Keller Williams ‘Controls’ Agents Who Made Illegal Spam Calls, Judge Rules


In a case that could have broader implications for nearly every large real estate company, a federal judge ruled earlier this week that Keller Williams as a franchisor can be held responsible for the actions of individual agents who made sales calls to individuals on “Do Not Call” registries. 

The ruling stems from a long-running class-action lawsuit, which Keller Williams settled for $40 million back in 2022, in which the company was accused of calling and texting 2 million people who had opted out of sales calls through a federal database. Admitting no wrongdoing, the company agreed to enhance compliance and training for agents along with the payment.

One plaintiff involved in that lawsuit, however, opted out of the settlement and chose to push forward with his lawsuit. James Havassy of Pennsylvania is asking a federal court to hold Keller Williams liable for a slew of marketing calls he received from local agents back in 2018.

Though the case is still at an early stage, Judge Timothy J. Savage agreed that the mega-brokerage exerts enough control over franchises and agents that Havassy can move forward with his claims against the company.

“That (Keller Williams) employees did not make the phone calls does not mean (Keller Williams) had no connection to them,” Savage wrote. “(Keller Williams) controls all advertising and marketing that the Keller Williams Bethlehem office and its agents, Houston and Hewitt, perform using (Keller Williams). Using the Keller Williams logo and the Keller Williams domain in their email addresses enhances (the company’s) brand and consequently its profits.”

Whether other franchisors could be swept up by the ruling remains unclear. The judge’s opinion is also limited to jurisdiction, and it is also unclear if the same reasoning will apply later in the case or on other legal issues.

In a statement, Keller Williams spokesperson Darryl Frost continued to argue the company should not be a party to the lawsuit, based on the underlying facts.

“Keller Williams had no involvement in the alleged calls at the heart of this lawsuit, and as such, we don’t believe the plaintiff has grounds to bring a lawsuit against Keller Williams,” he told RISMedia. “This is still an early stage of the legal process, and we are confident in our defense once we have the opportunity to present it.”

The case itself is nothing like the larger class-action telemarketing lawsuit, either in scope or profile.

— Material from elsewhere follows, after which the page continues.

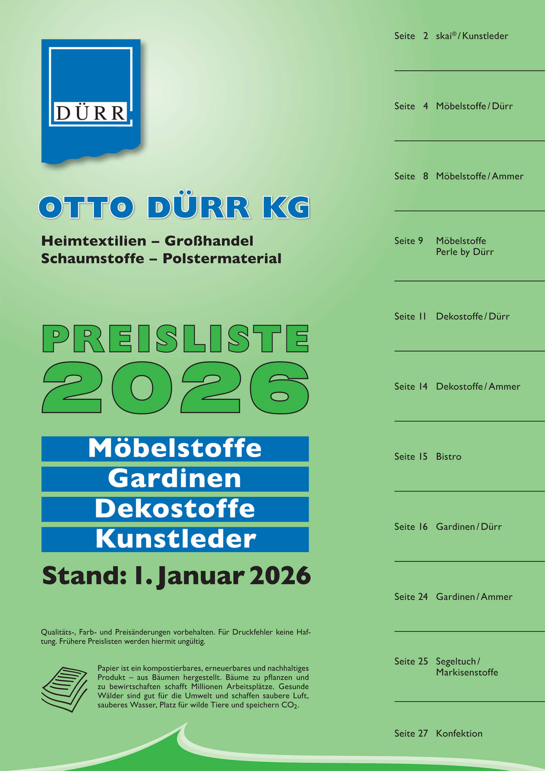 Unsere Preisliste für Möbelstoffe, Gardinen, Dekostoffe und Kunstleder.

Havassy previously settled state-level claims against some of the agents involved in making sales calls for $679.75 (with $678.75 for attorneys’ fees, and $1 in damages).

But Savage’s ruling potentially opens the door for individuals or large classes to hold large real estate companies responsible for these types of violations. Keller Williams has specifically sought to distance itself from the actions of agents who violate “Do Not Call” laws, emphasizing that independent contractors make their own choices on marketing and sales.

Despite the 2022 settlement, people have continued to claim that Keller Williams agents have made unsolicited calls or sent them messages, with another lawsuit filed just two weeks ago in Texas by a man who is seeking class-action status.

Frost reiterated that the company requires franchises to comply with all applicable laws, including respecting the “Do Not Call” list.

Frost also emphasized this point, pointing out that the case is in the early stages and the ruling had nothing to do with the merits of Havassy’s claims.

Additionally, Havassy’s arguments rely heavily on the specific methods Keller Williams uses and how it operates, with Savage pointing out that Keller Williams’ franchises are obligated to use “the System” for all operations—policies that certainly differ from other companies.

“The System controls how a Market Center provides real estate brokerage services, including advertising and promotional programs,” he wrote. It also governs training on telemarketing methods…(t)he individual realtors are trained by the franchisee “in accordance with the procedures” set out by (Keller Williams), including (Keller Williams’) methods and techniques for real estate sales. Hence, we conclude that (Keller Williams’) conduct is related to Havassy’s claims.”

If Savage’s ruling does set a precedent, though, it could easily spread across the real estate landscape. Eric Troutman, a lawyer focused on these types of cases, wrote yesterday in a story published in National Law Review that “real estate brokers need to abandon the fantasy that the independent contractor relationship will protect them in (telemarketing) suits.”

While Savage admits that Keller Williams’ franchises and agents are independent, and that trainings for agents are not mandatory, he points to a huge volume of other evidence that connects agents and “Market Centers” to the company, including branding, contracts, websites and databases—including the database containing Havassy’s restricted phone number.

“(W)e conclude that (Keller Williams’) conduct is related to Havassy’s claims,” Savage wrote.